The downside of this new style is that if we want to use direct function calls for our operations we have to wrap them:

```
-- All these types are inferrable
-- with NoMonomorphismRestriction
getCurrentTime :: Monad_ Time_ m
=> m UTCTime
getCurrentTime = j0 GetCurrentTime
acquireLock :: Monad_ Lock_ m
=> NominalDiffTime
-> Key
-> m (Maybe Lock)
acquireLock = j2 AcquireLock
renewLock :: Monad_ Lock_ m
=> NominalDiffTime
-> Lock
-> m (Maybe Lock)
renewLock = j2 RenewLock
releaseLock :: Monad_ Lock_ m
=> Lock
-> m ()
releaseLock = j1 ReleaseLock
```

`j0`

, `j1`

, and `j2`

are combinators for implementing operations conveniently

```
j0 op = interpret (op id)
j1 op a = interpret (op id a)
j2 op a b = interpret (op id a b)
```

Or we could use `j0 GetCurrentTime`

, `j2 AcquireLock`

etc. directly, but that looks rather bizarre.

`Free`

for freeThe benefit we get is automatic interaction with free monads. The functor of operations that we defined is exactly the base functor of the corresponding free monad. There is a function `freely`

which interprets `Free f`

in the MTL style `Monad_ f m`

```
freely :: (Functor f, Monad m, Monad_ f m)
=> Free f a -> m a
freely f = foldFree interpret f
```

The inverse to `freely`

is `liftF`

(which is also the `interpret`

of the `Monad_ f (Free f)`

instance).

```
instance Functor f => Monad_ f (Free f) where
interpret = liftF
```

I haven’t measured the performance of this but with a suitable combination of inlining plus `RULE`

s it feels like it should perform equally well to the MTL style.

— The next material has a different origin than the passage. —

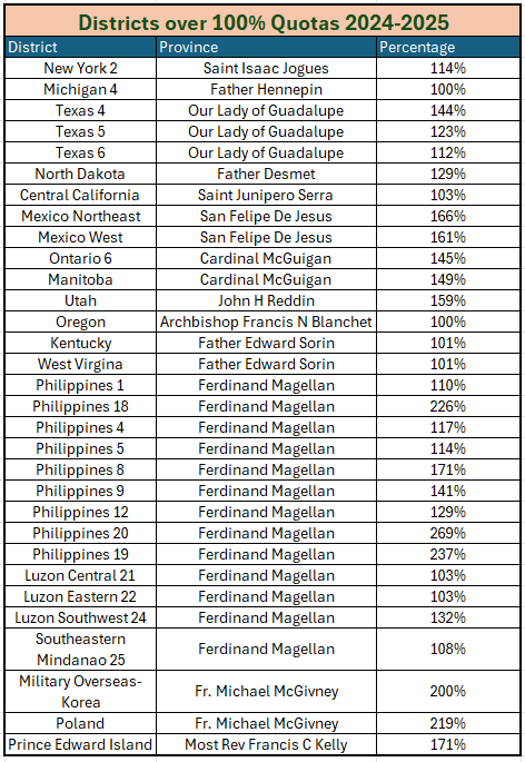 Please join us in recognizing the Top Districts in the Order on achieving 100% of their intake quotas.
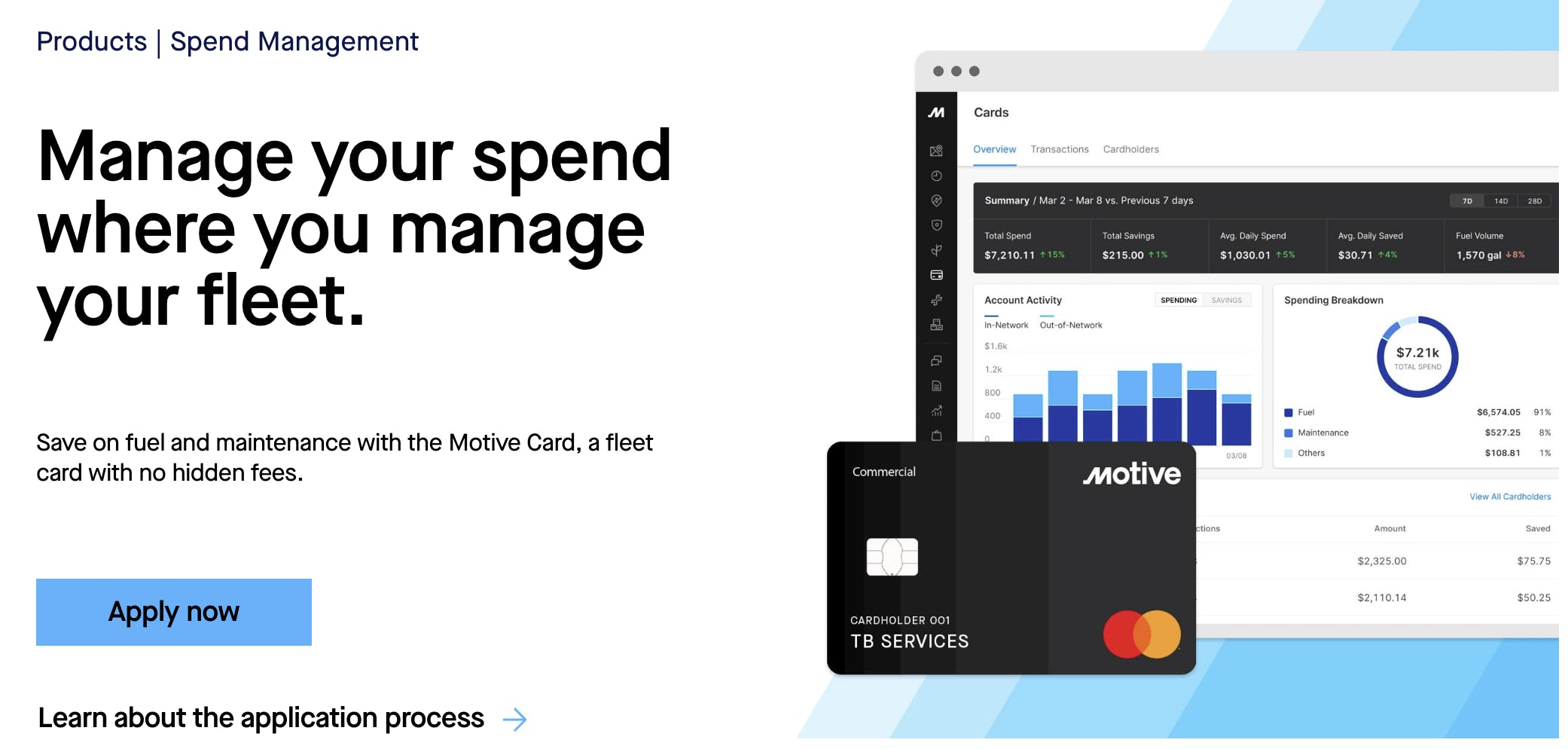 Motive's spend management product helps fleet managers control and optimize expenses associated with their operations. It provides tools for monitoring fuel consumption, analyzing fuel efficiency, and identifying potential cost-saving opportunities. The Motive card also enables truckers to secure discounts and rewards on fuel, maintenance, and other trucking-related expenses. Fleet managers can also set spending limits for each cardholder by day and time, transaction, and product category.

This approach doesn’t provide support for non-algebraic operations such as `Reader.local`

, `Writer.listen`

and `Writer.pass`

, but perhaps that’s a good thing.

Implemention of classes of operations in MTL style contains a common pattern parametrized by a functor. Using the parametrized style gives you automatic interchange between MTL style and free monad style so you can have the best of both worlds for free!

I’m probably not the first person to notice this. If anyone knows any prior references please let me know and I’ll add a reference.